┌──

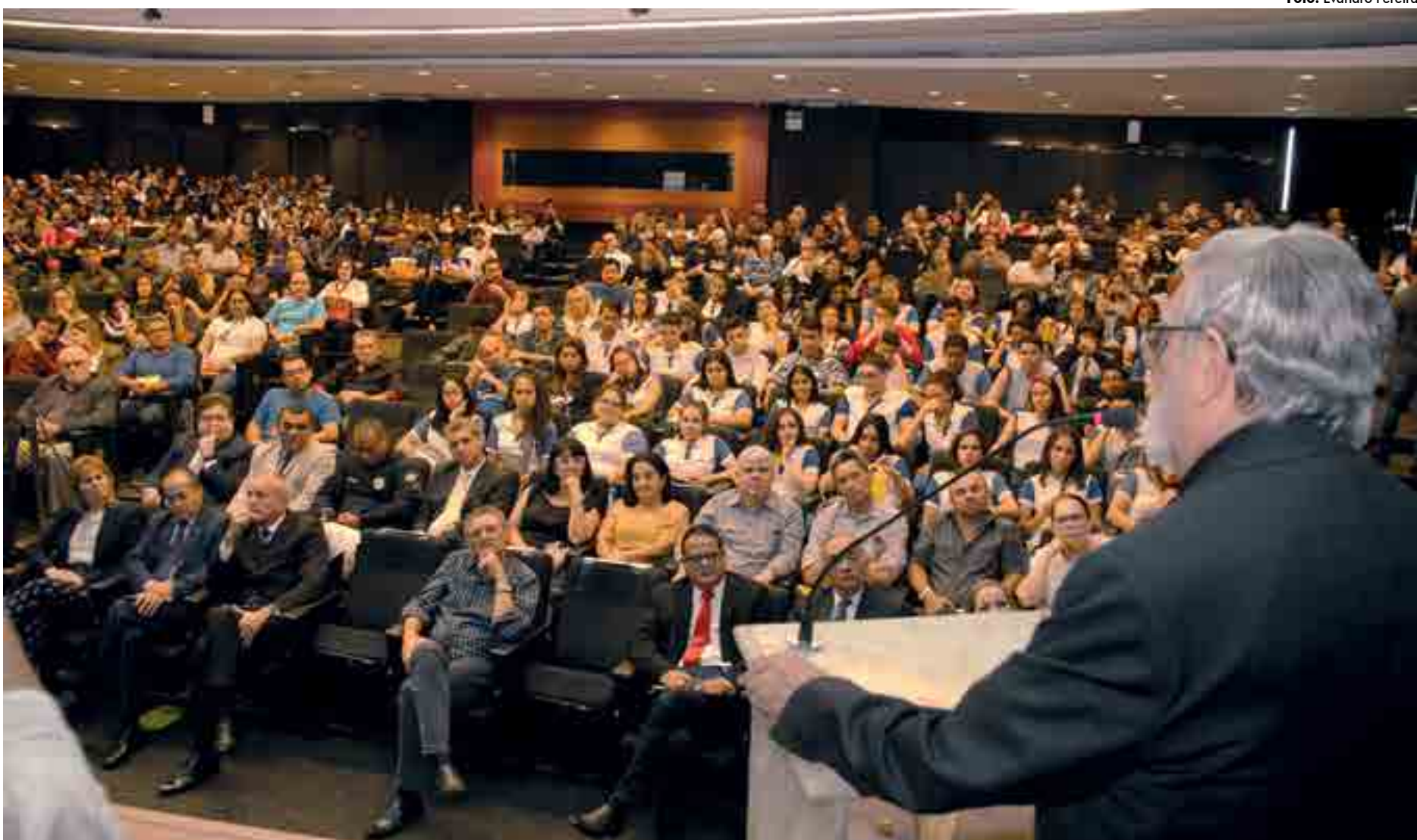
Palestrantes criticaram medidas do Governo que podem provocar o aumento de acidentes, como a não obrigatoriedade da cadeirinha para crianças e retirada dos simuladores nas aulas de direção
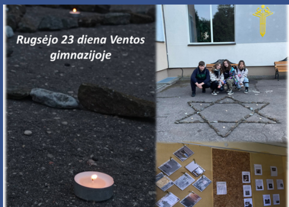
Akmenės r. Ventos gimnazija
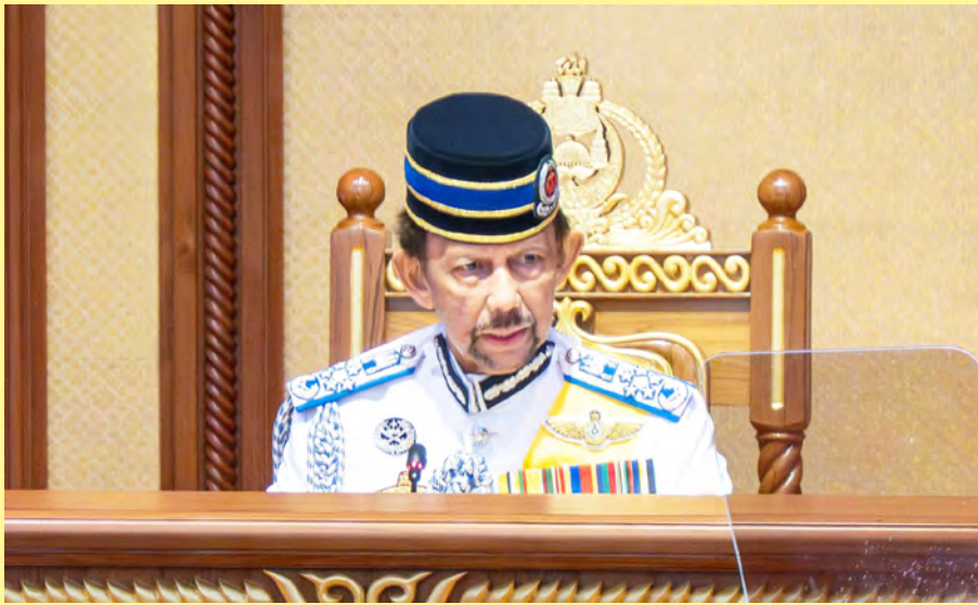
KEBAWAH Duli Yang Maha Mulia Paduka Seri Baginda Sultan Haji Hassanal Bolkiah Mu'izzaddin Waddaulah ibni Al-Marhum Sultan Haji Omar 'Ali Saifuddien Sa'adul Khairi Waddien, Sultan dan Yang Di-Pertuan Negara Brunei Darussalam berkenan mengurniakan titah semasa Istiadat Pembukaan Rasmi Mesyuarat Pertama dari Musim Permesyuaratan Ke-21 Majlis Mesyuarat Negara bagi Tahun 1446 Hijrah / 2025 Masihi yang berlangsung di Bangunan Dewan Majlis pada Rabu, 26 Februari 2025.

Assalamu'alaikum Warahmatullahi Wabarakatuh Bismillahir Rahmanir Rahim Alhamdulillah Rabbil 'Alameen, Wabihiee Nasta'eenu 'Alaa Umuuriddunya Wadden, Wassalaatu Wassalaamu 'Ala Asyrafil Mursaleen, Sayyidina Muhammaddin, Wa'ala Aalihee Wasahbihee Ajma'een, Waba'du
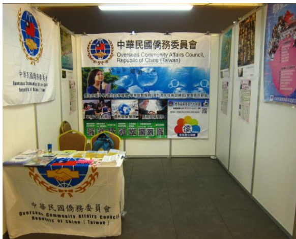
麻坡場本會攤位佈置情形
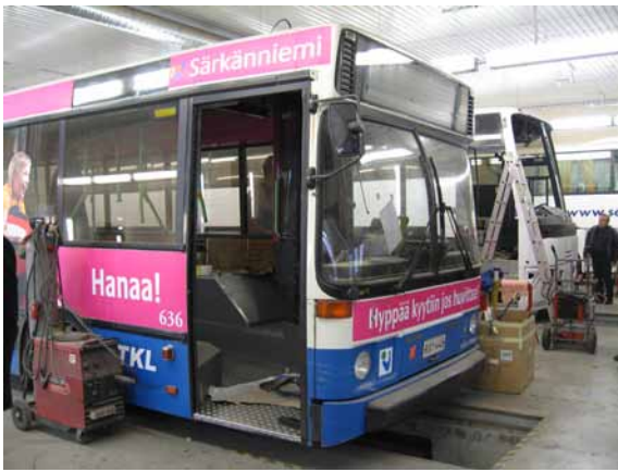
Tampereen liikennelaitoksen Särkänniemen bussi peruskorjauksessa.
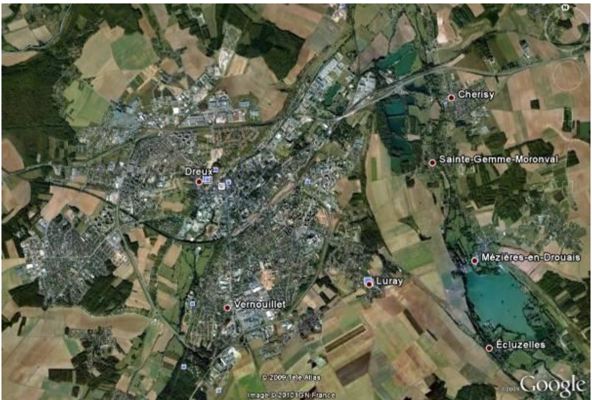
Encore plus haut ... On voit la ville de Dreux et tous les petits villages autour.
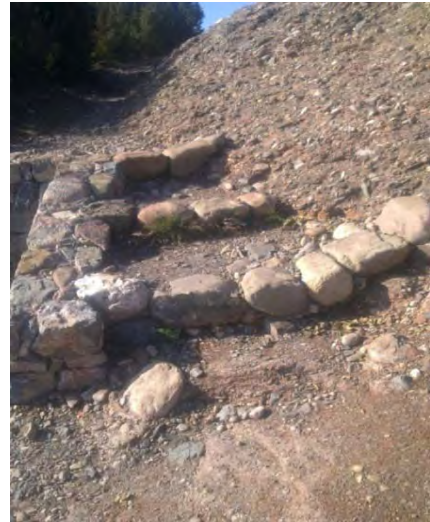
Imatge de les escales ja consolidades

Cal remarcar que s'està duent a terme un seguiment del resultat de les intervencions realitzades, i que en tres seguiments realitzats l'any 2011 s'ha constatat una clara concentració dels vianants dins el traçat i per tant preveiem una recuperació de la cobertura vegetal amb resultats a curt i llarg termini (per exemple, les codines triguen anys a recuperar-se).
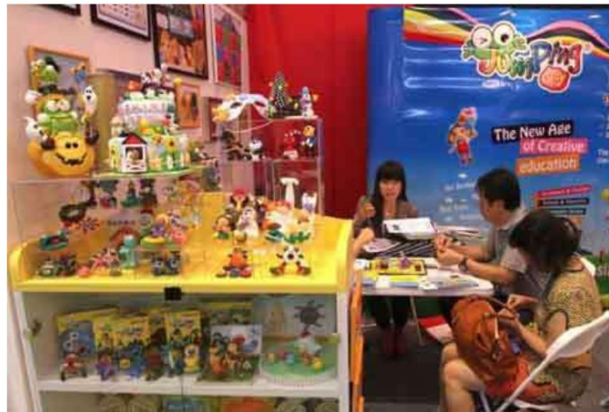
Ilustrasi. - .

Bisnis.com, JAKARTA – Pelaku bisnis waralaba di Indonesia berharap industri dapat lebih berkembang setelah revisi regulasi terkait bisnis waralaba dikeluarkan oleh pemerintah.
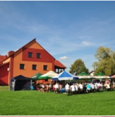
Otwarcie Domu Ludowego w Palczowicach
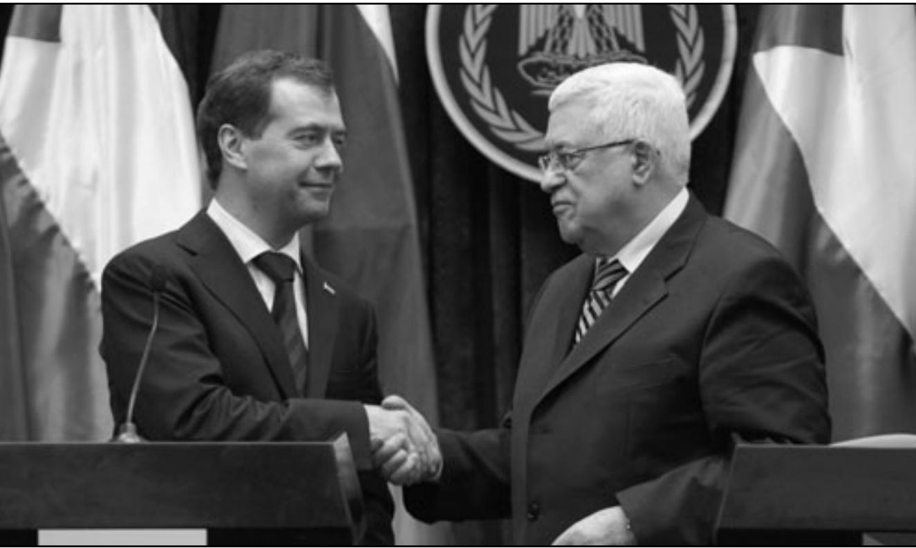
الرئيس الفلسطيني محمود عباس ونظيره الروسي ديمتري ميدفيديف خلال مؤتمرهما الصحافي في أريحا

السياسية الروسية على رأس وفد يتجاوز الـ100 شخص حضروا إلى فلسطين. ومن جهتها رحبت حركة «فتح» بزيارة ميدفيديف واعتبرتها نجاحا متميزا للسياسة عباس حيث وصفت الزيارة بالثابته. وأكد المتحدث باسم فتح احمد عساف في تصريح صدر عن مفوضية الإعلام والثقافة الثلاثاء على «الأهمية الخاصة التي توليها الحركة لزيارة الرئيس ميدفيديف كونها تأتي بنفس الوقت الذي قررت فيه القيادة الفلسطينية التوجه إلى مجلس الأمن من أجل استصدار قرار لتجريم والغاء الاعتراف على كل الأراضي الفلسطينية المحتلة وفي مقدمتها القدس».
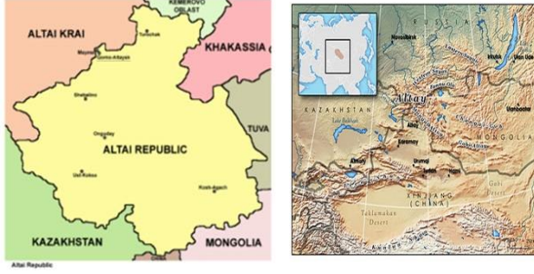
Görsel 1-2. Altay Cumhuriyet Haritaları (URL-1, URL-2).
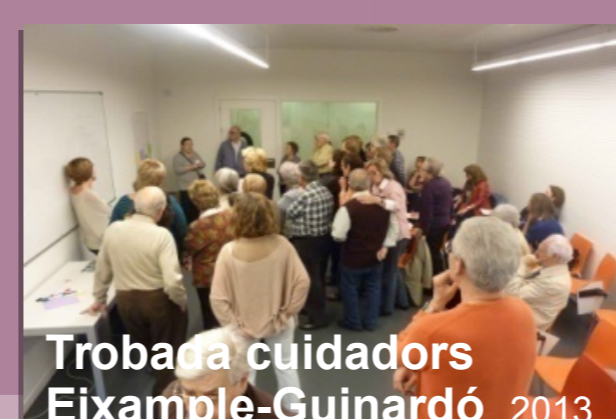
Trobada cuidadors Eixample-Guinardó 2013
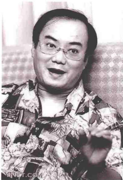
◎ 现年 55 岁的温瑞安英姿飒爽，谈笑风生，他是台湾新武侠的殿军之一，被大陆网友尊称为“温巨侠”。

后《绝代双骄》、《铁血传奇》（即《楚留香传奇》）、《多情剑客无情剑》相继出版，古龙的声望日渐高涨，很快超过了其他对手，成为台湾武侠第一人。70年代开始，借着《楚留香传奇》的余韵，古龙接连发表《萧十一郎》、《欢乐英雄》、《流星·蝴蝶·剑》、《大游侠》（即陆小凤传奇系列）、《七种武器》等作品，每一部都堪称绝品，成为台湾武侠界的一颗颗重磅炸弹，彻底击败了其他对手。至此，虽然还有一些作家在坚持创作，但基本上都过了创作的全盛期，无人能和创造力如此旺盛的古龙对抗。读者们也只认古龙为武侠第一家，其他作家的小说销售量根本无法与古龙相比。
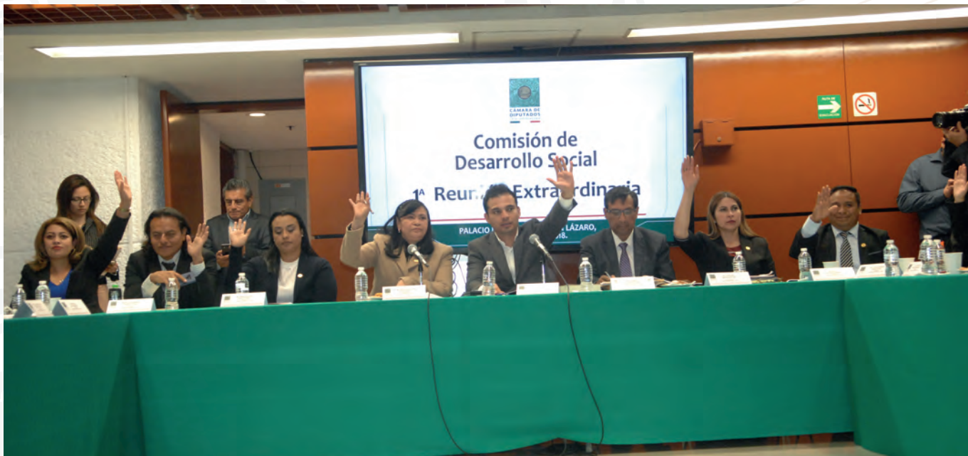
Primera Reunión Extraordinaria, 6 de diciembre de 2018

Con fundamento en el Artículo 168 numeral 1 y 170 numeral 1, del Reglamento de la Cámara de Diputados y con el fin de abordar los temas de urgencia resolución, esta Comisión efectuó tres Reuniones de índole Extraordinario:
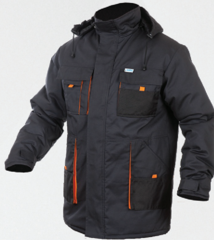
Kurtka długa ocieplana / Insulated long jacket

└──

• **Description of the task**
Count the lines of the entries that hold the string "الرئيس", then state that number and nothing more.

• **Exercise solution**
2